Instructions to follow>
Please transcribe the data that follows without the pictures, keeping every word the same.

Source material>
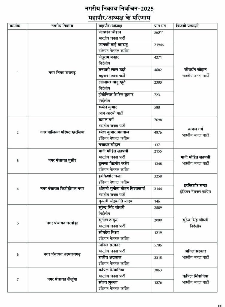 इसी तरह नगर पंचायत पुसौर में भाजपा से अध्यक्ष पद पर मानी मोहित सतपति चुनाव जीते,नगर पंचायत धरमजयगढ़ में भाजपा से अनिल सरकार,लैलूंगा से भाजपा के कपिल सिंघानिया ने जीत दर्ज की।
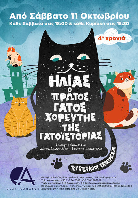 Μετά τους τρεις πρώτους άκρως επιτυχημένους κύκλους παραστάσεων, ο γάτος Ηλίας και η παρέα του ξεκινούν για τέταρτη συνεχόμενη χρονιά το μαγικό ταξίδι τους στη γατοσυνοικία του Θεάτρου Άβατον και περιμένουν όλα τα παιδιά από 2 έως και 7 ετών να γίνουν συνοδοιπόροι τους.
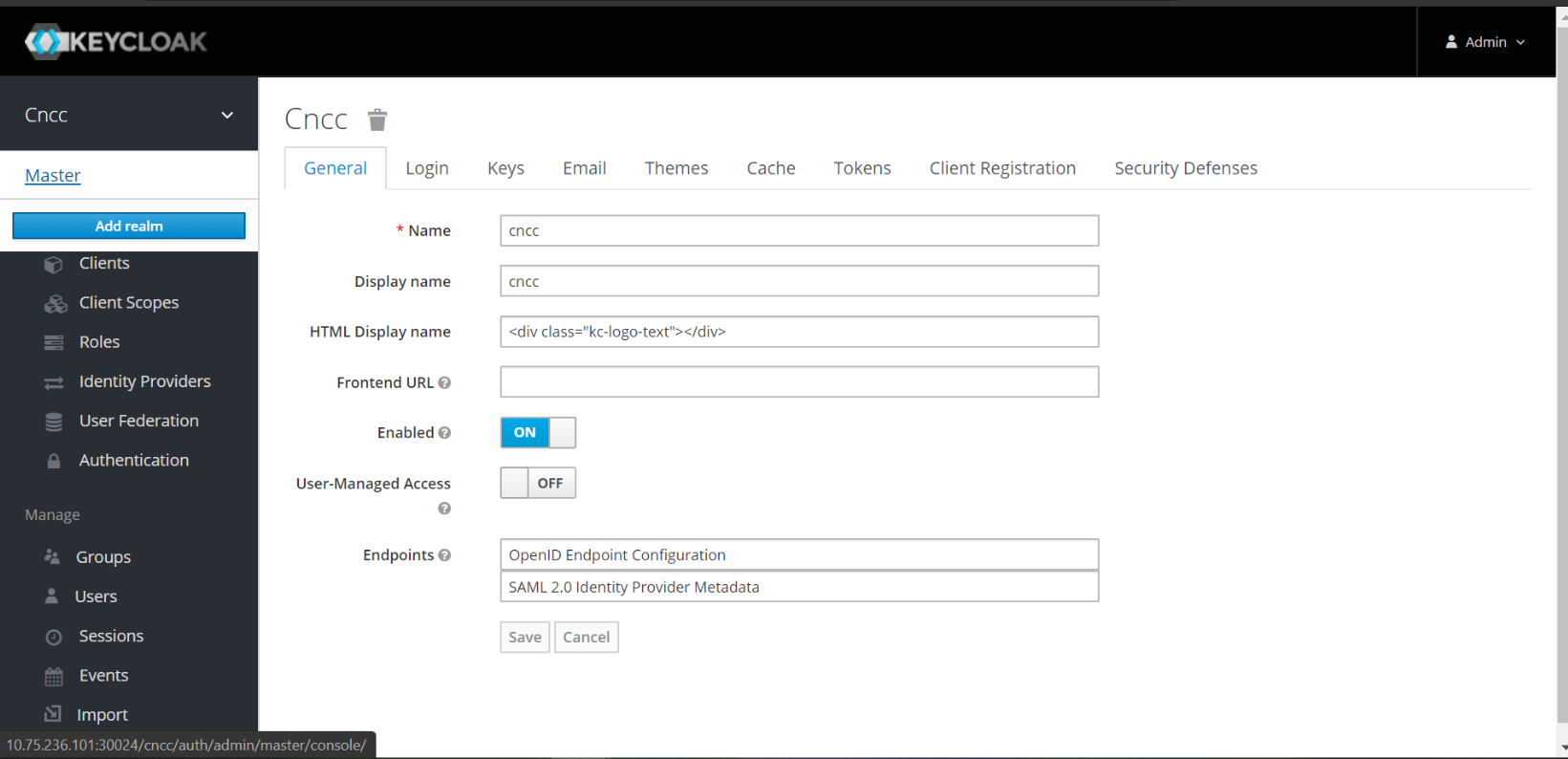 7. Enter CNCConsole URI in the Valid Redirect URIs field (e.g. http://10.75.236.101:30075/*) and click on Save.

The completed task>
 इसी तरह नगर पंचायत पुसौर में भाजपा से अध्यक्ष पद पर मानी मोहित सतपति चुनाव जीते,नगर पंचायत धरमजयगढ़ में भाजपा से अनिल सरकार,लैलूंगा से भाजपा के कपिल सिंघानिया ने जीत दर्ज की।
 Μετά τους τρεις πρώτους άκρως επιτυχημένους κύκλους παραστάσεων, ο γάτος Ηλίας και η παρέα του ξεκινούν για τέταρτη συνεχόμενη χρονιά το μαγικό ταξίδι τους στη γατοσυνοικία του Θεάτρου Άβατον και περιμένουν όλα τα παιδιά από 2 έως και 7 ετών να γίνουν συνοδοιπόροι τους.
 7. Enter CNCConsole URI in the Valid Redirect URIs field (e.g. http://10.75.236.101:30075/*) and click on Save.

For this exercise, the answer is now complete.